Given data:

=== Begin Enclosure ===

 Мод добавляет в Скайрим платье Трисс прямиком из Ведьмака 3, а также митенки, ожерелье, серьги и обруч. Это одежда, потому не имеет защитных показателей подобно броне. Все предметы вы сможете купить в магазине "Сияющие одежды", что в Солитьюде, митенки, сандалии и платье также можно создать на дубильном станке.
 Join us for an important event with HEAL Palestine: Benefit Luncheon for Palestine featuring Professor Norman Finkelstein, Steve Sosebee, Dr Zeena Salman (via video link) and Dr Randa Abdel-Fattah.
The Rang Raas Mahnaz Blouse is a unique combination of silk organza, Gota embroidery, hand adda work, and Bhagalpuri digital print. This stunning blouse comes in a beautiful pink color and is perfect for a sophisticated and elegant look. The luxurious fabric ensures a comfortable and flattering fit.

=== End Enclosure ===
=== Begin Enclosure ===

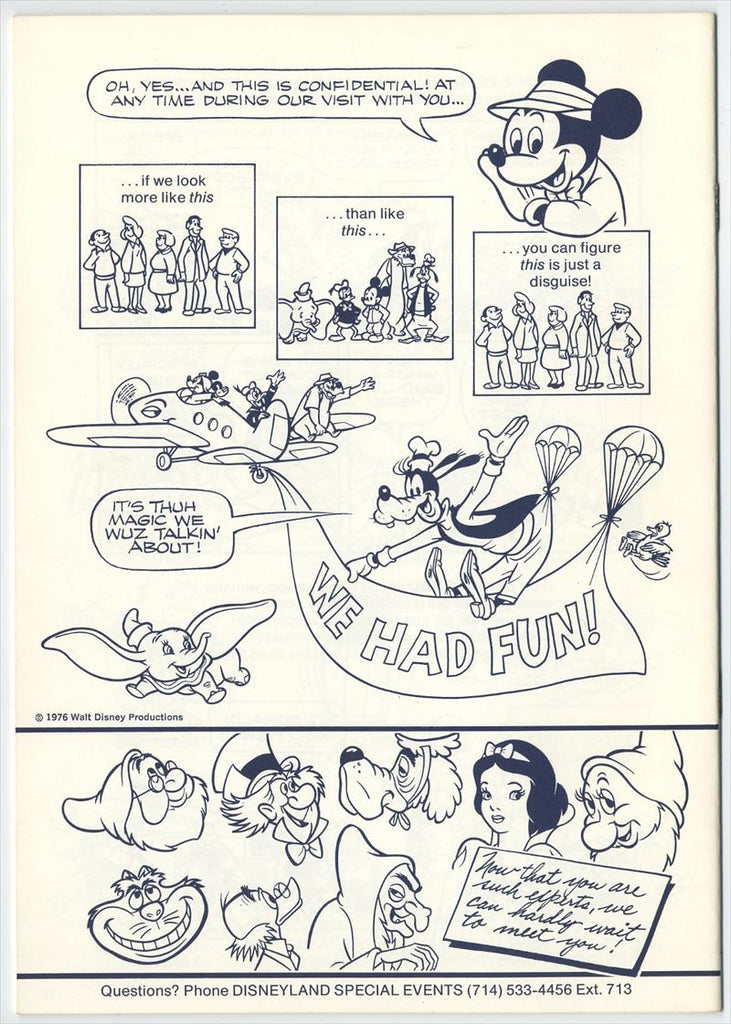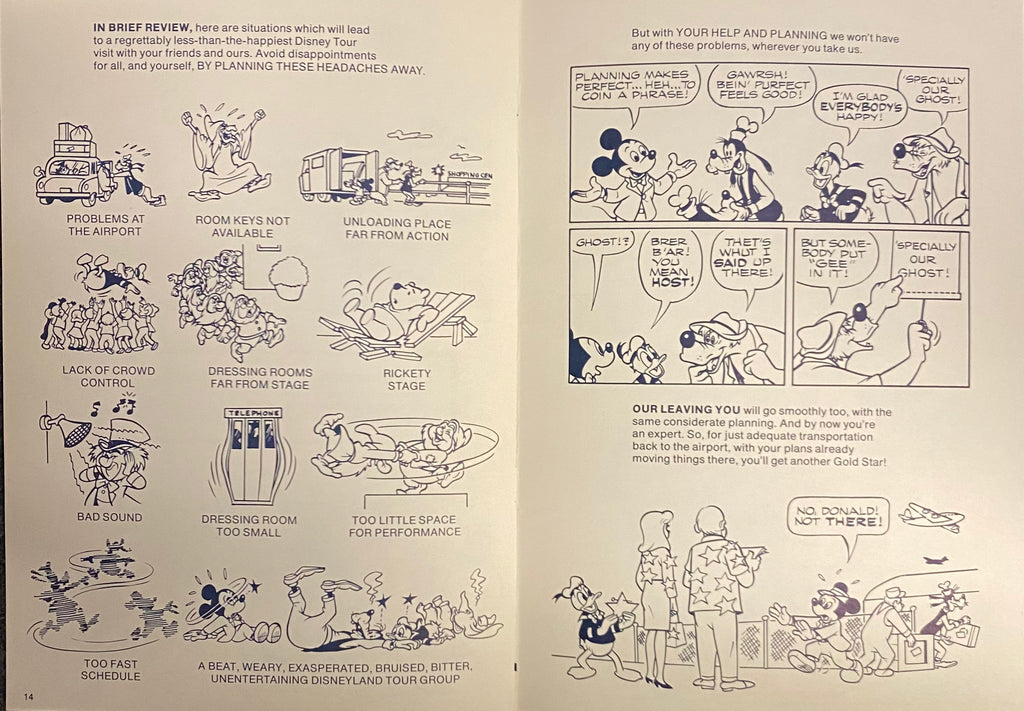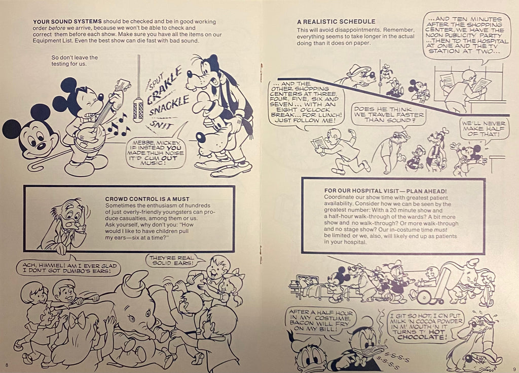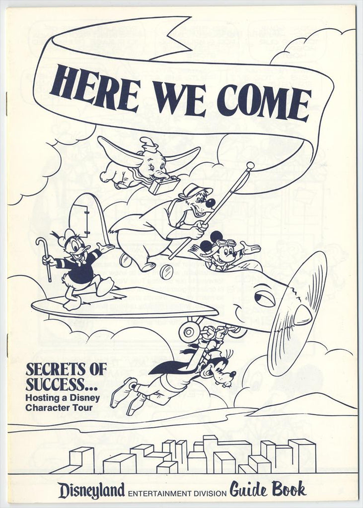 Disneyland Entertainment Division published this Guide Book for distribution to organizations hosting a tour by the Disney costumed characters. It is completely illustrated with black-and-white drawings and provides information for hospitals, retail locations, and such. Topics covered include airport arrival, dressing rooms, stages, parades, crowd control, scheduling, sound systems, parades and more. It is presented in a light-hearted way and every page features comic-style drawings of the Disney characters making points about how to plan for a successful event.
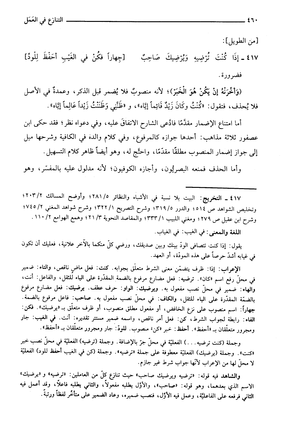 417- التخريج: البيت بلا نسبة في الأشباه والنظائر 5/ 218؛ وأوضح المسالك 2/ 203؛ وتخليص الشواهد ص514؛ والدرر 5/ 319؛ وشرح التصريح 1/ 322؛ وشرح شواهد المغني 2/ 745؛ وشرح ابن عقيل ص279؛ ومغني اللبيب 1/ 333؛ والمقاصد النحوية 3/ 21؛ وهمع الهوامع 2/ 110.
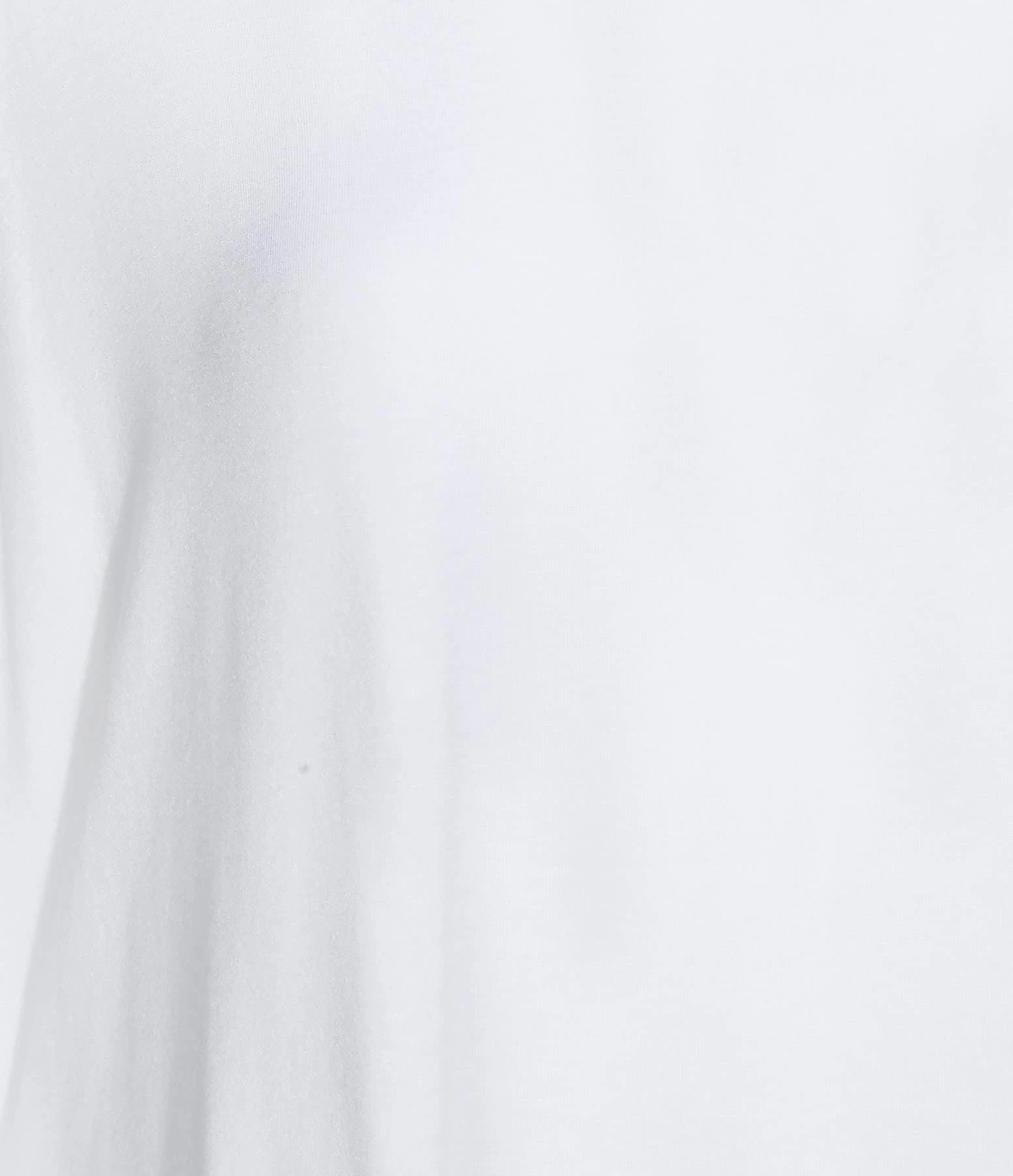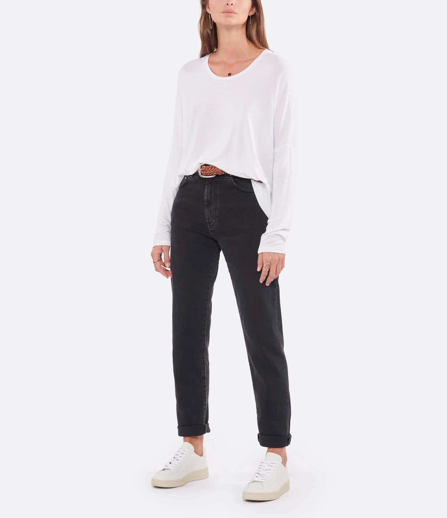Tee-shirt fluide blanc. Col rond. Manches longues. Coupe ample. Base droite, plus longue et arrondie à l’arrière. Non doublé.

=== End Enclosure ===

Aim of the task: Restate word for word the lines of the data above, starting at the line containing "Мод добавляет в" and ending at the line containing "The Rang Raas", both included, and nothing more.

Result:
 Мод добавляет в Скайрим платье Трисс прямиком из Ведьмака 3, а также митенки, ожерелье, серьги и обруч. Это одежда, потому не имеет защитных показателей подобно броне. Все предметы вы сможете купить в магазине "Сияющие одежды", что в Солитьюде, митенки, сандалии и платье также можно создать на дубильном станке.
 Join us for an important event with HEAL Palestine: Benefit Luncheon for Palestine featuring Professor Norman Finkelstein, Steve Sosebee, Dr Zeena Salman (via video link) and Dr Randa Abdel-Fattah.
The Rang Raas Mahnaz Blouse is a unique combination of silk organza, Gota embroidery, hand adda work, and Bhagalpuri digital print. This stunning blouse comes in a beautiful pink color and is perfect for a sophisticated and elegant look. The luxurious fabric ensures a comfortable and flattering fit.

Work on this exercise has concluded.